El recurso no merece prosperar.
Respecto a la valoración de la prueba en segunda instancia preferimos situarnos en la actualidad en un eje distinto al clásico de recurrir al de la simple inmediación y credibilidad derivadas de la sentencia de la instancia, que es el que expondremos a continuación. No nos auto-limitamos a verificar si la valoración de la instancia resulta racional, sino si es la mejor de las valoraciones que se pueden haber hecho.

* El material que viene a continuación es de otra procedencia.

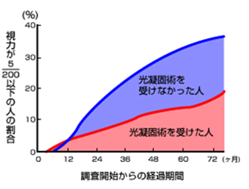 今見えている見えていないにかかわらず、糖尿病網膜症を抑える為に、すなわち網膜無血管野(虚血部分)の縮小・網膜新生血管の退縮・黄斑浮腫の改善・新生血管緑内障の予防治療・牽引性網膜剥離の予防のためには、網膜光凝固が必要となります。これにより新生血管が伸びてくるのを事前に防ぐことができます。網膜のいたんだ虚血部分へレーザー光を照射し、熱で凝固する手術です。この網膜光凝固術は、受ける時期が早いほど効果が高いといわれています。失明という最悪の事態の予防することを目的に、今日では積極的に行われています。網膜の状態により網膜光凝固は次のタイプに分けられます。
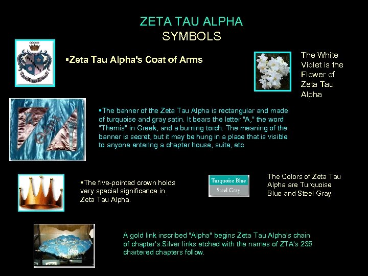 ZETA TAU ALPHA SYMBOLS The White Violet is the Flower of Zeta Tau Alpha §Zeta Tau Alpha's Coat of Arms §The banner of the Zeta Tau Alpha is rectangular and made of turquoise and gray satin. It bears the letter "A, " the word "Themis" in Greek, and a burning torch. The meaning of the banner is secret, but it may be hung in a place that is visible to anyone entering a chapter house, suite, etc §The five-pointed crown holds very special significance in Zeta Tau Alpha. The Colors of Zeta Tau Alpha are Turquoise Blue and Steel Gray. A gold link inscribed "Alpha" begins Zeta Tau Alpha's chain of chapter’s. Silver links etched with the names of ZTA's 235 chartered chapters follow.
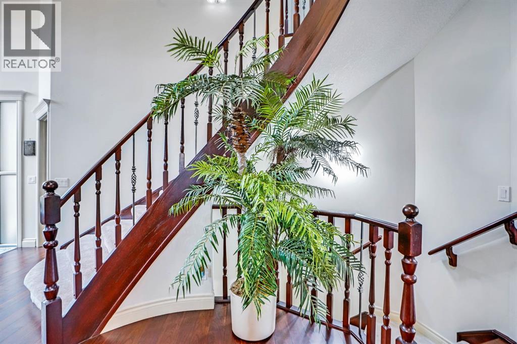 Immerse yourself in refined living in this exquisite custom-built two-story estate by California Homes. Nestled on a spacious pie-shaped lot at the peaceful end of a cul-de-sac, this remarkable home boasts numerous upgrades and multiple outdoor entertainment areas, perfect for relaxation and social gatherings. Upon entering, you’ll be greeted by a grand foyer with soaring 18-foot ceilings and detailed crown moldings, setting the stage for elegance. The gourmet chef’s kitchen, featuring a generous island and double ovens, gas range, seamlessly connects to the expansive family room, complete with custom-built-ins and a warm fireplace. Gleaming upgraded hardwood floors, a formal dining room, and a versatile office/computer room add to the home’s sophisticated charm. This luxury home is equipped with a home sprinkler system, air conditioning system, home water softener system, and automated remote-controlled blinds in the main floor. The oversized double garage and mudrooms combine practicality with style. The upper level boasts four spacious bedrooms, with a walk-in closet. The master suite features a spa-inspired ensuite with dual sinks, a 5-piece bathroom, heated floors, and more. Another 5-piece bathroom is available for the other rooms, and an upper-level laundry room with a sink and extensive cabinetry adds convenience. The fully finished basement is an entertainer’s delight, offering a recreation room, games area, additional fireplace, full wet bar, a fifth bedroom, and a full bath with heated floors. Modern touches such as built-in speakers,fireplaces, and an elegant curved staircase enhance the home’s appeal. Outside, enjoy a private backyard oasis complete with a large deck, patio, and outdoor gas barbecue, perfect for entertaining. The beautifully landscaped yard features mature trees, including organic apple trees. You can enjoy already created garden area to grow vegetables and fruits if you desire. This exceptional home offers a rare opportunity to own a s tylish and functional property in one of Calgary’s most desirable Southwest neighbourhoods. With its close proximity to Fish Creek Park, Golf , top-rated schools, transit, and shopping, it’s a perfect blend of style and functionality. Book your viewing today to experience the elegance and comfort of this remarkable residence! (id:63190)
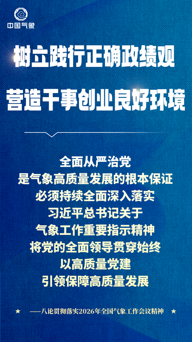 2026年是“十五五”开局之年,也是《气象高质量发展纲要(2022—2035年)》第二阶段起步的关键时期,任务艰巨、意义非凡。全国气象工作会议明确提出“坚持党建引领,营造风清气正政治生态”,树立和践行正确政绩观,以实际行动贯彻落实好党中央重大决策部署,确保“十五五”良好开局。
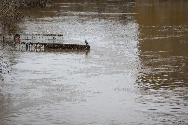 Légende : Aiguillon, le 17 février 2026 - La "plage" d'Aiguillon sur les rives du Lot est inondée par la riviére, sortie de son lit. PHOTO: Vincent NGUYEN / Riva Press
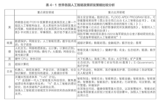 1)國際比較:各國人工智能戰(zhàn)略與政策各有重點(diǎn)。中國人工智能政策聚焦于實(shí)現(xiàn)人工智能領(lǐng)域的產(chǎn)業(yè)化,助力中國的制造強(qiáng)國政策。
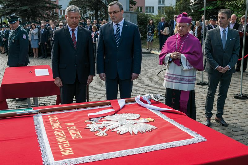 Uroczystości towarzyszyły poczty sztandarowe reprezentujące policję służbę i straż miejską. Po podniesieniu flagi państwowej na maszt oraz odegraniu hymnu państwowego głos zabrał Jarosław Grzelak, dyrektor IAS w Szczecinie.
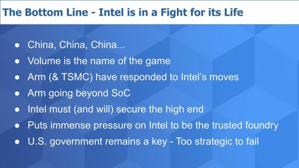 ARM 展示了超越 SoC 的野心,尽管其采用了完全外包的策略。英特尔将保持其在市场上的高端地位,但是 ARM 也会不停地大步开拓领地。英特尔最大的优势在于其集成设备制造或 IDM 战略,垂直整合(Vertical integration)是一个漫长的过程,并带来质量和成本方面的优势。但是如果没有批量生产,英特尔将在成本上失去竞争力,也许会破产,其中压力自不必说。
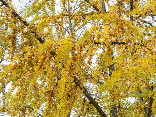 (Ginkgo biloba) Feuilles jaunâtre et ovules jaune-brun du Ginkgo ou arbre aux quarante écus aux couleurs d'automne
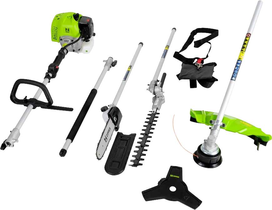 Das Gartenpflege-Set von Zipper besteht aus einem Rasentrimmer, einer Astsäge, einer Heckenschere inkl. Zubehör. Luftgekühlter 1-Zylinder-2-Takt-Motor mit Fliehkraftkupplung. Individuell verstellbarer Haltegriff und Gurt.
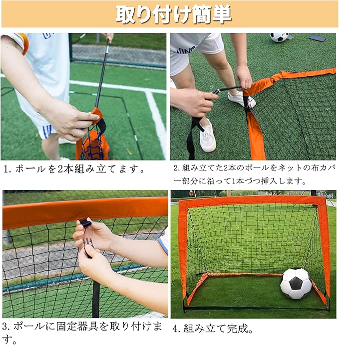 【丈夫な構造】耐久性に優れたグラスファイバーの骨組みと、高品質420Dのポリエステル製ネット素材を使用しています。付属のペグを使えば、強いシュートに対してもしっかりとゴールを固定でできます。
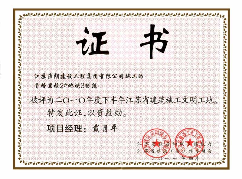 2011年省文明工地-香格里拉2#地块3标段(戴月平)
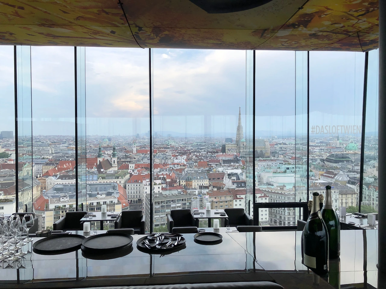 Das Loft를 홈페이지에서 예약을 할 때 레스토랑과 바를 구분해서 예약을 해야 한다. 일단 식당과 바는 구역이 나뉘어져 있다. 식당은 네 면이 전면 유리로 된 창가에 테이블에서 서빙을 한다. 창가에서 아무런 시야에 장애물없이 우아하게 식사를 하면서 비엔나 시내 전경을 조망할 수 있다.
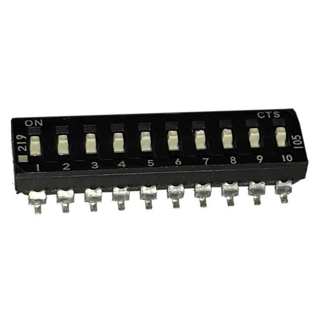 This is manufactured by CTS Electrocomponents. The manufacturer part number is 219-10MSR. Washable - no. It is assigned with possible HTSUS value of 8536.50.9065. The product is rohs3 compliant. The product offers long-lasting services of 2,000 cycles. Moreover, it has gull wing terminal style. The product has -55°c ~ 85°c operating temperature range. It is 0.170" (4.33mm) high above board. The product carries possible position value of 10. Features a raised actuator level. Moreover, the product has a nominal 20vdc voltage rating. In addition, it is reach unaffected. It is shipped in tape & reel (tr). Furthermore, the product is galvanized with excellent gold contact finishing. Its typical moisture sensitivity level is 1 (unlimited). Its accurate length is 1.058" (26.87mm). It has an integral spst circuit. It has a long 8 weeks standard lead time. Additionally, the product's output is 100ma The splendid features of the product include epoxy sealed terminals. The product is available in surface mount configuration. The product 219, is a highly preferred choice for users. The product carries slide (standard) actuator. Moreover, the product is 0.100" (2.54mm), full The product is made from sturdy beryllium copper materials. The product is designated with the ear99 code number
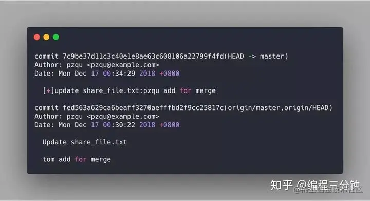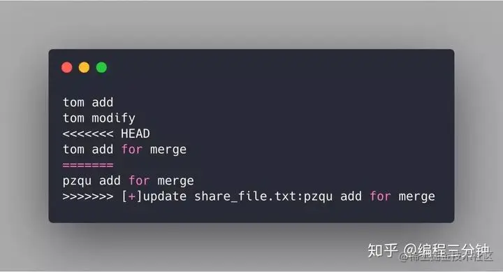 为了产生一个冲突,我在另一个地方向远程仓库提交了代码,更改share_file.txt文件,加了一行内容tom add for merge
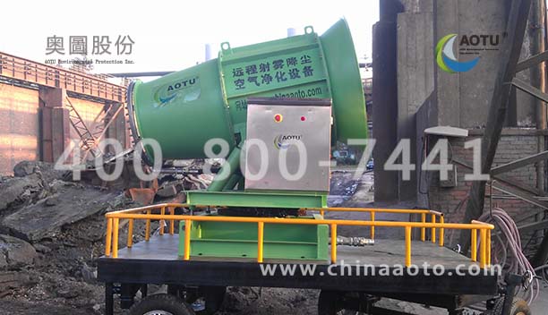 6、功轉(zhuǎn)換效率高、射程遠、覆蓋面積大、霧粒細小且均勻、抑塵效果好。水霧與飄在空中的塵埃接觸時,被塵埃所吸附,加大塵埃的比重,抑制塵埃在空氣中的流動,并加速塵埃沉降,實現(xiàn)對空氣的凈化。
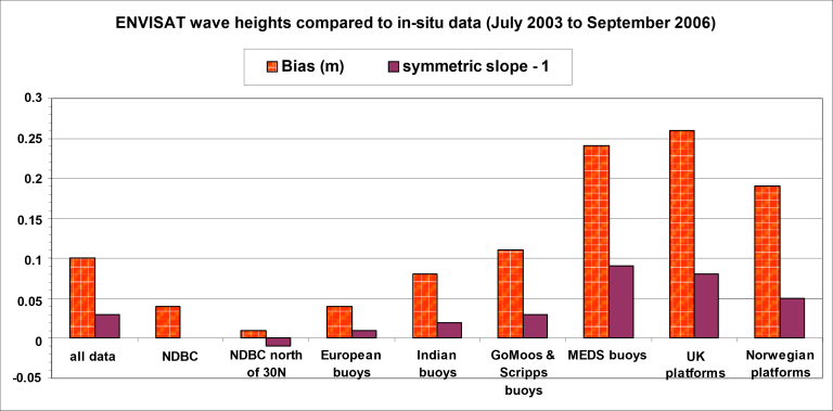 Discrepancies in wave observations. Bias (altimeter – in situ), symmetric slope (ratio of variance altimeter to variance in situ)
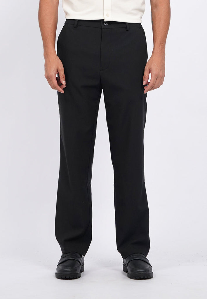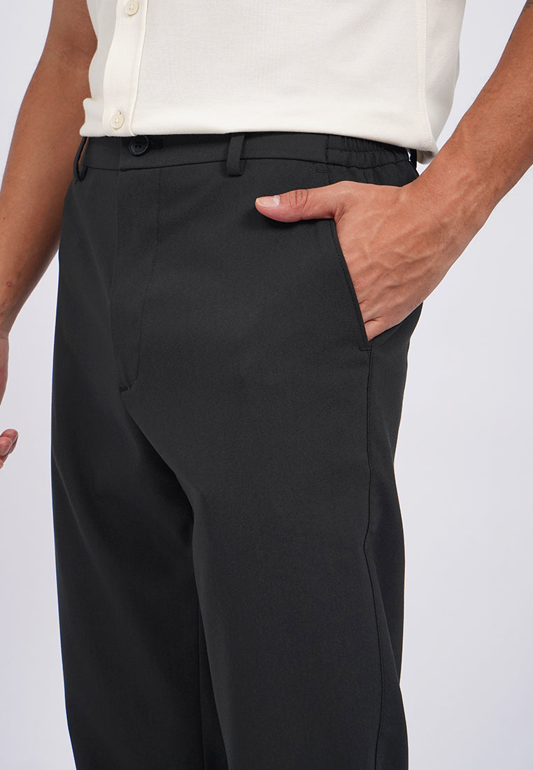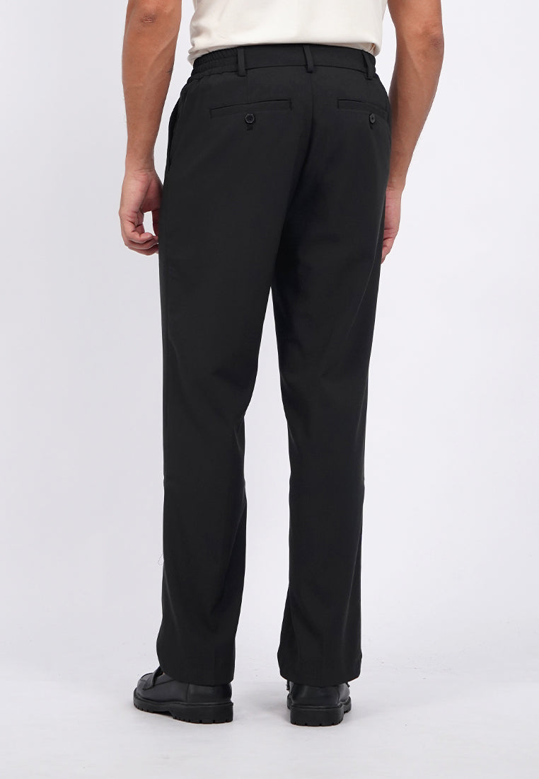 Celana panjang regular fit, Double buttoned back pocket, Side elastic waist details, Material: Polyester, Fit: Regular, Color: Black, Model info: Model Wearing Size M, Height: 182 cm, Chest: 94 cm, Waist: 75 cm, Hips: 96 cm
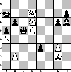Partie-Notation im PGN-Format [Event "Es wird bald Sommer"] [Site "www.mySchach.de"] [Date "2015.05.12"] [Round "1"] [White "muellerh"] [Black "Gordholm"] [ECO "E90"] [WhitemyELO "1522"] [BlackmyELO "1499"] [Result "1-0"] [TimeControl "10/2592000"] [WhiteDays "30"] [BlackDays "30"] [MySchachNr "99215"] 1. d4 Nf6 2. c4 g6 3. Nc3 Bg7 4. e4 d6 5. Nf3 O-O 6. Bd3 Nbd7 7. O-O e5 8. d5 a5 9. a4 Nc5 10. Be3 Nxd3 11. Qxd3 Nh5 12. Qd2 f5 13. exf5 Bxf5 14. h3 Bxh3 15. Bh6 Nf4 16. Bg5 Qd7 17. Rfe1 Qg4 18. Nh4 Qxg5 19. g3 Bf5 20. Kh2 Qg4 21. Rh1 Nh3 22. f3 Qxc4 23. Nxf5 Rxf5 24. Kxh3 Rxf3 25. Rac1 Qb3 26. Kg2 Raf8 27. Rhf1 Rxf1 28. Rxf1 Rxf1 29. Kxf1 Qc4+ 30. Kg2 e4 31. Nb5 b6 32. Qg5 Qe2+ 33. Kg1 e3 34. Qd8+ Bf8 35. Qf6 Qd2 36. Qe6+ Kg7 37. Qd7+ Kh8 38. Qf7 Bh6 39. Qf6+ Kg8 40. Qe6+ Kf8 41. Qf6+ Ke8 42. Nxc7+ Kd7 43. Qf7+ Kc8 44. Nb5 Qc1+ 45. Kg2 Qc5 46. Qe8+ Kb7 47. Qd7+ Kb8 48. Qd8+ Kb7 49. Nxd6+ Ka7 50. Qd7+ 1-0 Stellungs-Notation im FEN-Format 8/k2Q3p/1p1N2pb/p1qP4/P7/4p1P1/1P4K1/8 - - - 2 50 Geschlagene Figuren Weiss: Geschlagene Figuren Schwarz: Klicken Sie auf eine geschlagene Figur um den gewünschten Zug darzustellen!
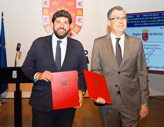 El presidente del Gobierno de la Región de Murcia, Fernando López Miras, ha suscrito este viernes con el alcalde de Murcia, José Ballesta, el protocolo de colaboración entre ambas administraciones para la organización de los actos de celebración en 2025 de los doce siglos de historia de la ciudad. Así, según destacó López Miras, la Comunidad "estará junto a Murcia para difundir y llevar a todo el mundo este importante aniversario".
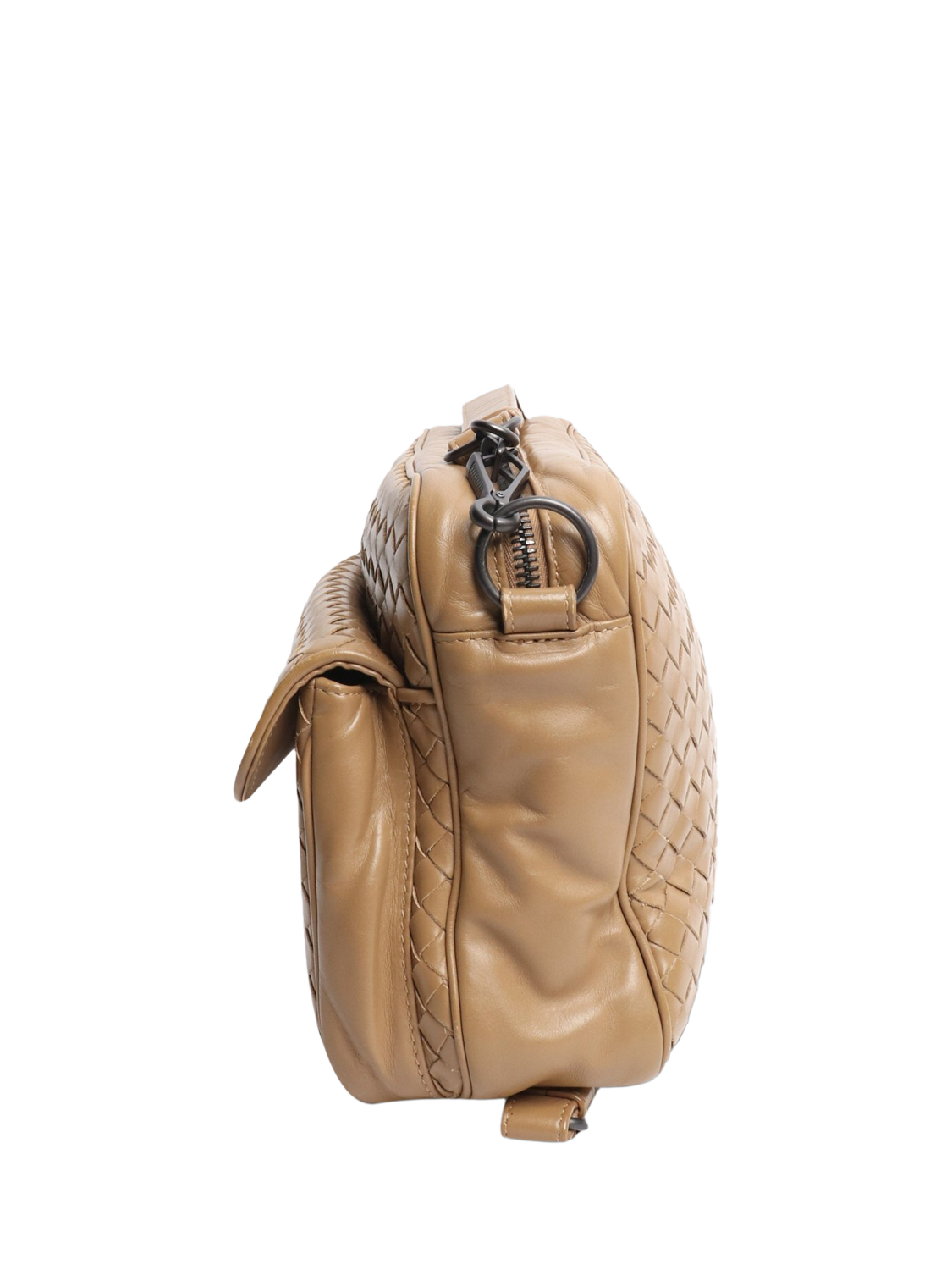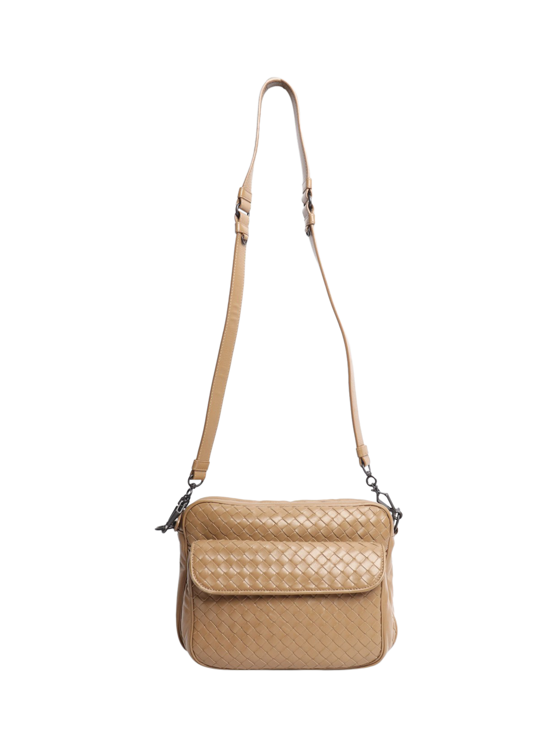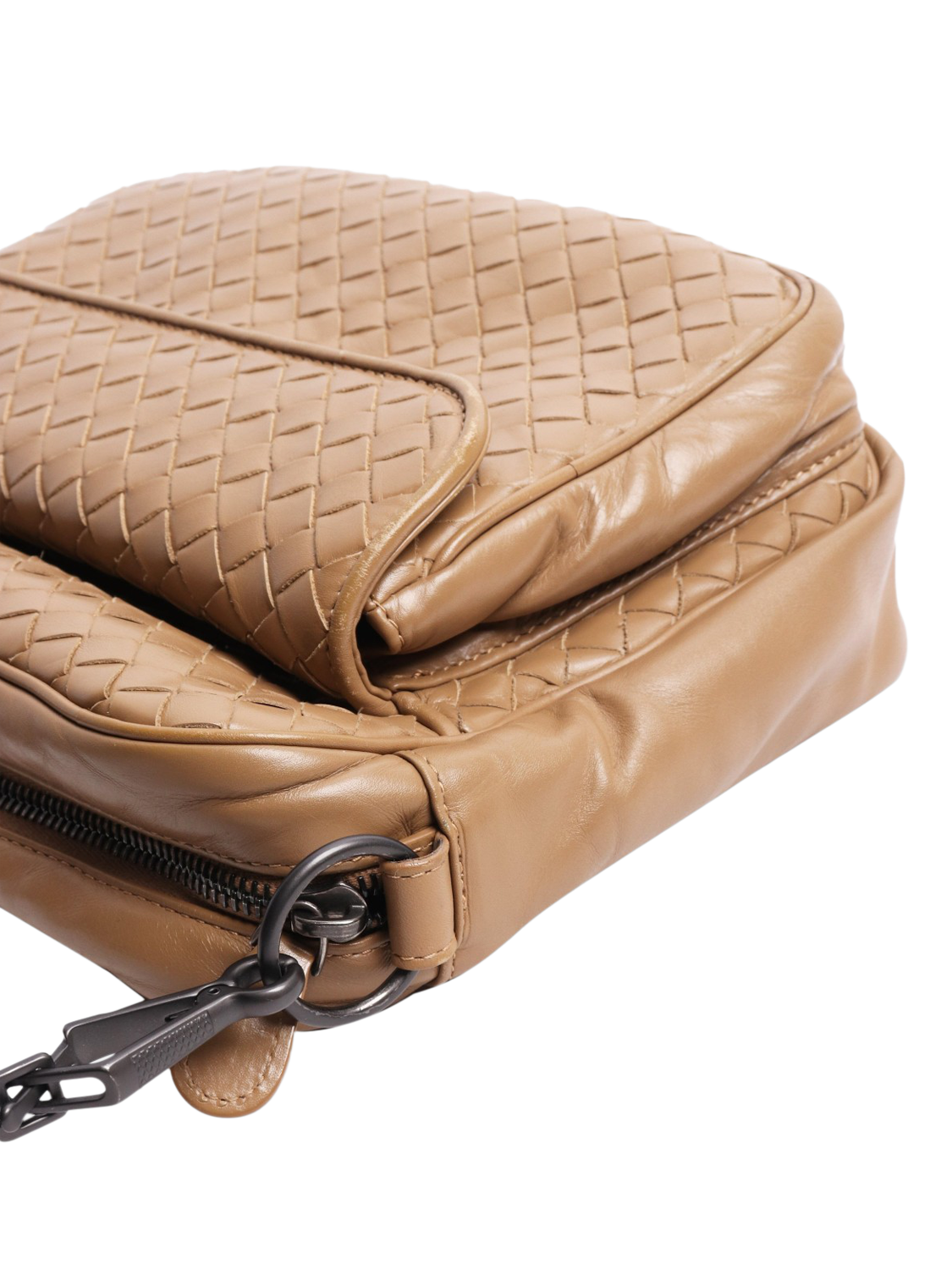 Pre-loved Bottega Veneta light brown interwoven camera bag with gunmetal hardware. This bag has a main compartment, a zippped pocket and a phone pocket. A magnetic closure pocket at the front.

En caso de respondernos que no, acogemos aquella otra que estimamos más adecuada, con independencia de la posible racionalidad de la otra.
No se trata, haciendo un seguidismo fácil de la doctrina que propugna la apelación como una revisión del raciocinio de la fundamentación de la instancia, que validemos cualquier tipo de interpretación que haya podido hacerse en esa sede y que no esté fuera de los cánones de la normalidad, sino solo aquellas que se fundamentan en el contenido probatorio rendido en el acto del plenario y responden a criterios racionales y lógicos, que pueden ser asumidos unánimemente por la comunidad como el corolario del procedimiento por esta misma sala. Es decir, al tener capacidad total de reevaluación de lo sucedido, la remisión a la valoración de la instancia solo es posible cuando la misma coincide con el criterio del tribunal, que tampoco puede variarlo por razones meramente anecdóticas o por detalles nimios.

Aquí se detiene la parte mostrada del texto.